It would have been obvious to a person of ordinary skill in the art, before the effective filing date, to modify the system and method of Wetzl such that the displayed instruction message comprising an image of the product/object being stored at a non-preferred storage orientation further comprises a superimposed boundary and/or marker as taught/suggested by Adato (and common in the art in view of attached NPL in the event that the superimposed boundary is simply an object bounding box), the motivation as similarly taught/suggested by Adato and readily recognized by POSITA that such a superimposed boundary and/or marker may provide the user with additional context/ information regarding which specific object(s) is/are being referenced in the instruction message.
As to claim 12, this claim is the system claim corresponding to the method of claim 1 and is rejected accordingly. Wetzl discloses that same/equivalent refrigerator 12 structure to include cabinet/housing defining chilled chamber 28, cameras 30 and 32 disposed therein, hinged door of Fig. 3, and controller/computer unit 26.
As to claim 16, this claim is the system claim corresponding to the method of claim 5 and is rejected accordingly.
As to claim 19, this claim is the system claim corresponding to the method of claim 10 and is rejected accordingly.
As to claim 20, this claim is the system claim corresponding to the method of claim 11 and is rejected accordingly.
2. Claims 2 and 13 are rejected under 35 U.S.C. 103 as being unpatentable over Wetzl et al. (US 2019/0390898 A1) in view of Adato et al. (US 2019/0215424 A1), Bochkovskiy et al., “Yolov4: Optimal speed and accuracy of object detection”, and SEO et al. (US 2014/0320647 A1).
As to claim 2, Wetzl in view of Adato and Bochkovskiy teaches/suggests the method of claim 1.
While Wetzl discloses that detection elements/cameras 30 and 32 image the interior 28, door shelf ([0030]), etc., Wetzl fails to explicitly disclose appliance/refrigerator 12 as comprising a door sensor, and obtaining the one or more images after the door sensor indicates that the door has been closed. Adato explicitly discloses capturing of images within refrigerated spaces (e.g. [0297]), but not explicitly in response to any door being closed.
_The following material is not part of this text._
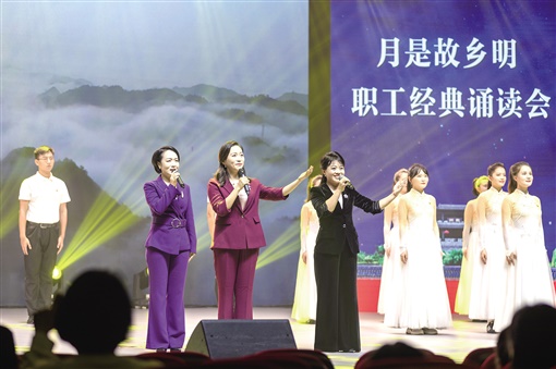 吉首市月是故鄉(xiāng)明·職工經(jīng)典誦讀會選手在誦讀《中國的圓月亮》。彭璟 攝

Seo evidences the obvious nature of a refrigerator comprising a door sensor (Fig. 6, door switch 31), and obtaining one or more images after the door sensor indicates that the door has been closed (Fig. 7, capture step S150 after door closed decision S140, [0125] “When the user closes the open door and the door switch 31 senses closing of the door (S140), the controller 200 initiates capture of an image by the camera 120”, etc.,).
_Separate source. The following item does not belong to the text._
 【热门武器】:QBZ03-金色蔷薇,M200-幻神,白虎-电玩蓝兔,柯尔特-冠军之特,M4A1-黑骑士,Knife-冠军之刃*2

It would have been obvious to a person of ordinary skill in the art, before the effective filing date, to modify the system and method of Wetzl to further comprise a door sensor and image acquisition post door closure as taught/suggested by Seo, the motivation as similarly taught/suggested therein and readily recognized by POSITA that such an acquisition ensures the system may account for any shifting/changes in the product/container position/orientation resultant from door closure.
As to claim 13, this claim is the system claim corresponding to the method of claim 2 and is rejected accordingly.
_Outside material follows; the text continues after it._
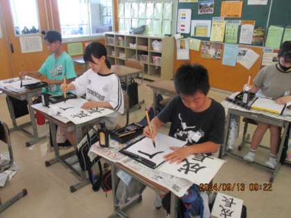 習字の時間の様子です。背筋を伸ばして集中して取り組んでいます。

3. Claims 3, 6-8, 14 and 17-18 are rejected under 35 U.S.C. 103 as being unpatentable over Wetzl et al. (US 2019/0390898 A1) in view of Adato et al. (US 2019/0215424 A1), Bochkovskiy et al., “Yolov4: Optimal speed and accuracy of object detection”, and Zhong (US 2025/0078450 A1).
As to claim 3, Wetzl in view of Adato and Bochkovskiy teaches/suggests the method of claim 1.
Wetzl in view of Adato and Bochkovskiy further teaches/suggests the method wherein analyzing the one or more images using the one or more machine learning image recognition processes comprises:
implementing at least one of an object detection model or an image segmentation model to determine an angle of tilt of the tilted item (see Adato as applied above in the rejection of claim 1), the angle of tilt being measured between a center line of the tilted item and a horizontal line (Adato object/product’s major axis oriented parallel to both bounding box sides, relative to a horizontal line that is e.g. the shelf, such that upright is 90 degrees and a product laying/resting on its side would be characterized by a 0 degree angle between the major/central/longitudinal axis of the object/product and a horizontal line associated with the shelf/surface, [0659] “Bounding boxes may be defined relative to areas of a captured image determined to represent each canned good product. Minor and major axes may be assigned, and an orientation of the canned good item (e.g., whether the item is standing upright or resting on its side) may be determined”; Adato further suggests that determining product/item coordinates relative to a shelf/horizontal surface (and further as they relate to ‘undesired orientation’ [0194]) are within the level of ordinary skill in the art).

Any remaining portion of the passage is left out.